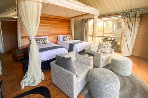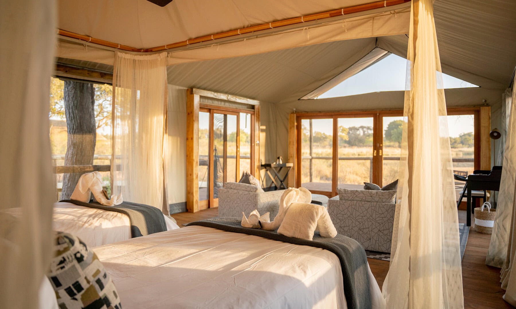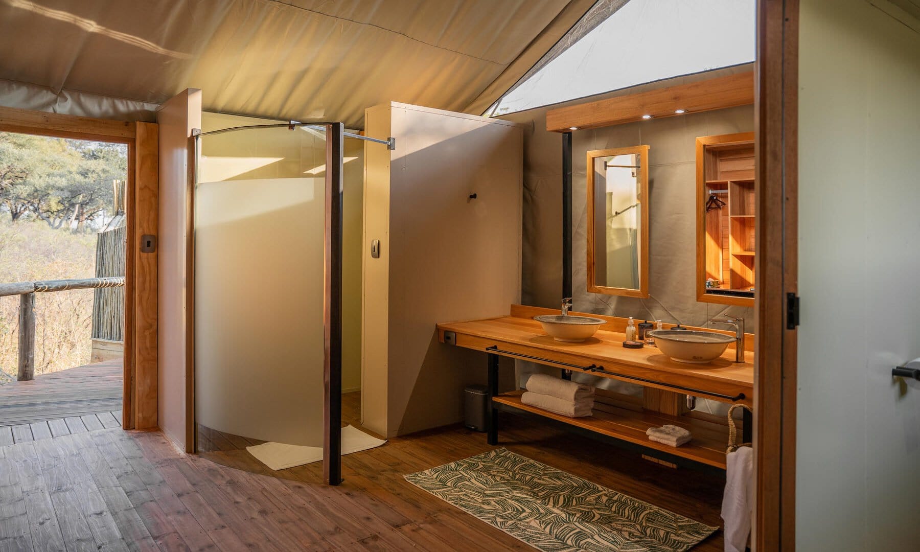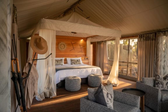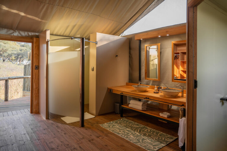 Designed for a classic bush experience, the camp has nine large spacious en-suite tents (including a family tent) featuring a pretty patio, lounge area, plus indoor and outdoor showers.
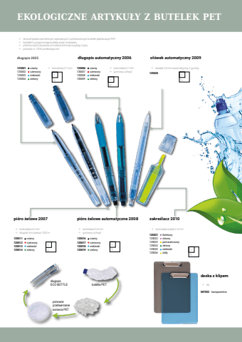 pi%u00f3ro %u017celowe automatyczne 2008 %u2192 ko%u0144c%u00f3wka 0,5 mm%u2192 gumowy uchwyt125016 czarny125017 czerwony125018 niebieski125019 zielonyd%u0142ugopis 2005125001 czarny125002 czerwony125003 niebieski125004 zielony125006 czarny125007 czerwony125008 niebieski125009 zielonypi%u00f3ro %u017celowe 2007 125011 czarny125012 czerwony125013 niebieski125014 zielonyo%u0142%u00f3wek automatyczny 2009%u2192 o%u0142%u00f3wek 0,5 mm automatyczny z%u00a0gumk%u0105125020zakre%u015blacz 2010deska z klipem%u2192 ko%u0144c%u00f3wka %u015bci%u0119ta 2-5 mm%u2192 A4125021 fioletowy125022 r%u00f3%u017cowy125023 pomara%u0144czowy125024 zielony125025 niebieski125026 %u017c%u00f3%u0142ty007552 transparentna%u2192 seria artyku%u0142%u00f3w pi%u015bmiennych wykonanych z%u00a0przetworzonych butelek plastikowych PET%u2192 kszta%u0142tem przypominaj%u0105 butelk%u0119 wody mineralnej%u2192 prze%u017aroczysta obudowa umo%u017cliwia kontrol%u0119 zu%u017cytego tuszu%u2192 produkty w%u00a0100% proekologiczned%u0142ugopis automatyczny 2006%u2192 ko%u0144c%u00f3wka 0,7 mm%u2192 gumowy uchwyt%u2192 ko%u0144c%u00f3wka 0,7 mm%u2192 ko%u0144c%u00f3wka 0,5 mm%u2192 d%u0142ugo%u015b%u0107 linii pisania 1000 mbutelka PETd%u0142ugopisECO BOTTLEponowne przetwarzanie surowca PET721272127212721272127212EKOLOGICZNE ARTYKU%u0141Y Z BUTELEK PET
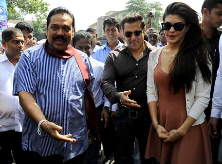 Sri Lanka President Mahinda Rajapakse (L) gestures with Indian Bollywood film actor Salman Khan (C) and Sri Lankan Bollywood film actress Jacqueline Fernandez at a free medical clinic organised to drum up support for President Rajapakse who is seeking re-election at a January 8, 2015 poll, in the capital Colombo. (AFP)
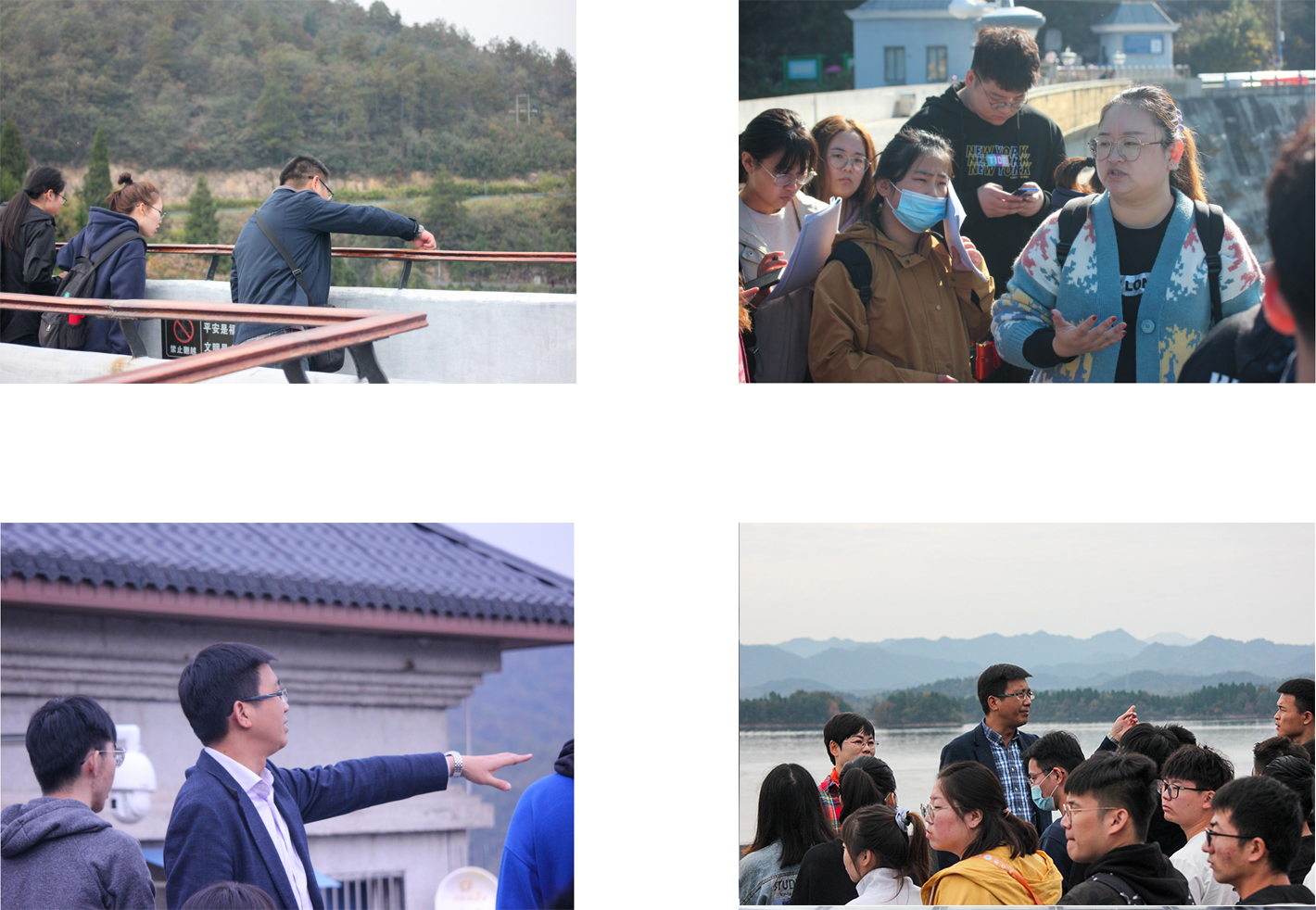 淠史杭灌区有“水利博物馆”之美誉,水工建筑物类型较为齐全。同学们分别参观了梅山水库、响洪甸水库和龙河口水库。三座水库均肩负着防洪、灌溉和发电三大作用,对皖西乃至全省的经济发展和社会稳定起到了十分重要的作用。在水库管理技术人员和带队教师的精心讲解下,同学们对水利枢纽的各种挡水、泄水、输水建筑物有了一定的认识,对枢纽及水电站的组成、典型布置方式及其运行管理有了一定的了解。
##########
**Problem to solve:** The required answer is an exact, picture-free copy of the lines from the opening of the listing above through the line with "Sri Lanka President".

**Written reply:**
 Designed for a classic bush experience, the camp has nine large spacious en-suite tents (including a family tent) featuring a pretty patio, lounge area, plus indoor and outdoor showers.
 pi%u00f3ro %u017celowe automatyczne 2008 %u2192 ko%u0144c%u00f3wka 0,5 mm%u2192 gumowy uchwyt125016 czarny125017 czerwony125018 niebieski125019 zielonyd%u0142ugopis 2005125001 czarny125002 czerwony125003 niebieski125004 zielony125006 czarny125007 czerwony125008 niebieski125009 zielonypi%u00f3ro %u017celowe 2007 125011 czarny125012 czerwony125013 niebieski125014 zielonyo%u0142%u00f3wek automatyczny 2009%u2192 o%u0142%u00f3wek 0,5 mm automatyczny z%u00a0gumk%u0105125020zakre%u015blacz 2010deska z klipem%u2192 ko%u0144c%u00f3wka %u015bci%u0119ta 2-5 mm%u2192 A4125021 fioletowy125022 r%u00f3%u017cowy125023 pomara%u0144czowy125024 zielony125025 niebieski125026 %u017c%u00f3%u0142ty007552 transparentna%u2192 seria artyku%u0142%u00f3w pi%u015bmiennych wykonanych z%u00a0przetworzonych butelek plastikowych PET%u2192 kszta%u0142tem przypominaj%u0105 butelk%u0119 wody mineralnej%u2192 prze%u017aroczysta obudowa umo%u017cliwia kontrol%u0119 zu%u017cytego tuszu%u2192 produkty w%u00a0100% proekologiczned%u0142ugopis automatyczny 2006%u2192 ko%u0144c%u00f3wka 0,7 mm%u2192 gumowy uchwyt%u2192 ko%u0144c%u00f3wka 0,7 mm%u2192 ko%u0144c%u00f3wka 0,5 mm%u2192 d%u0142ugo%u015b%u0107 linii pisania 1000 mbutelka PETd%u0142ugopisECO BOTTLEponowne przetwarzanie surowca PET721272127212721272127212EKOLOGICZNE ARTYKU%u0141Y Z BUTELEK PET
 Sri Lanka President Mahinda Rajapakse (L) gestures with Indian Bollywood film actor Salman Khan (C) and Sri Lankan Bollywood film actress Jacqueline Fernandez at a free medical clinic organised to drum up support for President Rajapakse who is seeking re-election at a January 8, 2015 poll, in the capital Colombo. (AFP)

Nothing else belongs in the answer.